RECORDS SUPPLIED>
============================================================

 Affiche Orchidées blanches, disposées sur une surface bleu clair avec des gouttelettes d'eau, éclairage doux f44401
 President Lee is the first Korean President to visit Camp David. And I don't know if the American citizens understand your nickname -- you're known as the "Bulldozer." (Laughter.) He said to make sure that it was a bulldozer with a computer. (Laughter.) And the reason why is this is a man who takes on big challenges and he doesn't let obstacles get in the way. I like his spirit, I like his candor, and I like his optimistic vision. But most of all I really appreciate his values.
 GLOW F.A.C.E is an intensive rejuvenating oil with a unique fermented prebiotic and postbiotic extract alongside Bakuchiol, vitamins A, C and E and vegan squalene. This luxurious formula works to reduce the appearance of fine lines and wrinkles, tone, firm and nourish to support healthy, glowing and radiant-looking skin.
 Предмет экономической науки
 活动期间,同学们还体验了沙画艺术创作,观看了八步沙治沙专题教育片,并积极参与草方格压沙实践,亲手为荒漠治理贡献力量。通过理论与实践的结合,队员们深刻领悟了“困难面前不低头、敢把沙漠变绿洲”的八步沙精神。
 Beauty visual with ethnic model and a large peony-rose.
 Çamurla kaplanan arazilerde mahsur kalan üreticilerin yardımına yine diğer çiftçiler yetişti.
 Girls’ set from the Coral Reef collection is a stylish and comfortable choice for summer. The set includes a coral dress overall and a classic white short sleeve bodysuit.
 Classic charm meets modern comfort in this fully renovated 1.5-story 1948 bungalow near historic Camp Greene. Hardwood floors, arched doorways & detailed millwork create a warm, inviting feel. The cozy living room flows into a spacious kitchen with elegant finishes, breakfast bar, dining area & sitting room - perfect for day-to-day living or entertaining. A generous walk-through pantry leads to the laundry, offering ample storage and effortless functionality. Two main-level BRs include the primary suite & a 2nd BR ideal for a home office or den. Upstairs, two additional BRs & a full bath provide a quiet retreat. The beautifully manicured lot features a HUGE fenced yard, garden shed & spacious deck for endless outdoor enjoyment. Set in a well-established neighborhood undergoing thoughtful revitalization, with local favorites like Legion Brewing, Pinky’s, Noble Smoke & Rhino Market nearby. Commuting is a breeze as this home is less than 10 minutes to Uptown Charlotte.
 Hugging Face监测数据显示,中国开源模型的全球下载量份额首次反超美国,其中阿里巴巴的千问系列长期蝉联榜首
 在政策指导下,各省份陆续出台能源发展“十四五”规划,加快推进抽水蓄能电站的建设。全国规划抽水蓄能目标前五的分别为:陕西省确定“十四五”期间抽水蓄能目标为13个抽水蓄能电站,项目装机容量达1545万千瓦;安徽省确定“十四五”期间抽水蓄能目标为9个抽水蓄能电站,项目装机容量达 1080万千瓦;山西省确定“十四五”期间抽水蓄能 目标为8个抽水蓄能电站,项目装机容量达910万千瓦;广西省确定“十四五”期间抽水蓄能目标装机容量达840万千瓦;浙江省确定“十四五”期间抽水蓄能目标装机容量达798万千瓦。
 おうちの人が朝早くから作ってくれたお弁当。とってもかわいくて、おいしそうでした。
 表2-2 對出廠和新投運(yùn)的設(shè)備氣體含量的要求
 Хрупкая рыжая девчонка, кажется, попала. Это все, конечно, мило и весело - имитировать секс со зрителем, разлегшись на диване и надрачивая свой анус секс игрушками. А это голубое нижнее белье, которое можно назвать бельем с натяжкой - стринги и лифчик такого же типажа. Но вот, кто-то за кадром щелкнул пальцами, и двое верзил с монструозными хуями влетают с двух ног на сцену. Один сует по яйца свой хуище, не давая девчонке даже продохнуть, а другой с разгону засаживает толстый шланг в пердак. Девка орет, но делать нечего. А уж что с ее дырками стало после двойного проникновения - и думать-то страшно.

============================================================

YOUR INSTRUCTIONS> Your answer should be the records themselves, returned word for word.

EXERCISE OUTPUT>
 Affiche Orchidées blanches, disposées sur une surface bleu clair avec des gouttelettes d'eau, éclairage doux f44401
 President Lee is the first Korean President to visit Camp David. And I don't know if the American citizens understand your nickname -- you're known as the "Bulldozer." (Laughter.) He said to make sure that it was a bulldozer with a computer. (Laughter.) And the reason why is this is a man who takes on big challenges and he doesn't let obstacles get in the way. I like his spirit, I like his candor, and I like his optimistic vision. But most of all I really appreciate his values.
 GLOW F.A.C.E is an intensive rejuvenating oil with a unique fermented prebiotic and postbiotic extract alongside Bakuchiol, vitamins A, C and E and vegan squalene. This luxurious formula works to reduce the appearance of fine lines and wrinkles, tone, firm and nourish to support healthy, glowing and radiant-looking skin.
 Предмет экономической науки
 活动期间,同学们还体验了沙画艺术创作,观看了八步沙治沙专题教育片,并积极参与草方格压沙实践,亲手为荒漠治理贡献力量。通过理论与实践的结合,队员们深刻领悟了“困难面前不低头、敢把沙漠变绿洲”的八步沙精神。
 Beauty visual with ethnic model and a large peony-rose.
 Çamurla kaplanan arazilerde mahsur kalan üreticilerin yardımına yine diğer çiftçiler yetişti.
 Girls’ set from the Coral Reef collection is a stylish and comfortable choice for summer. The set includes a coral dress overall and a classic white short sleeve bodysuit.
 Classic charm meets modern comfort in this fully renovated 1.5-story 1948 bungalow near historic Camp Greene. Hardwood floors, arched doorways & detailed millwork create a warm, inviting feel. The cozy living room flows into a spacious kitchen with elegant finishes, breakfast bar, dining area & sitting room - perfect for day-to-day living or entertaining. A generous walk-through pantry leads to the laundry, offering ample storage and effortless functionality. Two main-level BRs include the primary suite & a 2nd BR ideal for a home office or den. Upstairs, two additional BRs & a full bath provide a quiet retreat. The beautifully manicured lot features a HUGE fenced yard, garden shed & spacious deck for endless outdoor enjoyment. Set in a well-established neighborhood undergoing thoughtful revitalization, with local favorites like Legion Brewing, Pinky’s, Noble Smoke & Rhino Market nearby. Commuting is a breeze as this home is less than 10 minutes to Uptown Charlotte.
 Hugging Face监测数据显示,中国开源模型的全球下载量份额首次反超美国,其中阿里巴巴的千问系列长期蝉联榜首
 在政策指导下,各省份陆续出台能源发展“十四五”规划,加快推进抽水蓄能电站的建设。全国规划抽水蓄能目标前五的分别为:陕西省确定“十四五”期间抽水蓄能目标为13个抽水蓄能电站,项目装机容量达1545万千瓦;安徽省确定“十四五”期间抽水蓄能目标为9个抽水蓄能电站,项目装机容量达 1080万千瓦;山西省确定“十四五”期间抽水蓄能 目标为8个抽水蓄能电站,项目装机容量达910万千瓦;广西省确定“十四五”期间抽水蓄能目标装机容量达840万千瓦;浙江省确定“十四五”期间抽水蓄能目标装机容量达798万千瓦。
 おうちの人が朝早くから作ってくれたお弁当。とってもかわいくて、おいしそうでした。
 表2-2 對出廠和新投運(yùn)的設(shè)備氣體含量的要求
 Хрупкая рыжая девчонка, кажется, попала. Это все, конечно, мило и весело - имитировать секс со зрителем, разлегшись на диване и надрачивая свой анус секс игрушками. А это голубое нижнее белье, которое можно назвать бельем с натяжкой - стринги и лифчик такого же типажа. Но вот, кто-то за кадром щелкнул пальцами, и двое верзил с монструозными хуями влетают с двух ног на сцену. Один сует по яйца свой хуище, не давая девчонке даже продохнуть, а другой с разгону засаживает толстый шланг в пердак. Девка орет, но делать нечего. А уж что с ее дырками стало после двойного проникновения - и думать-то страшно.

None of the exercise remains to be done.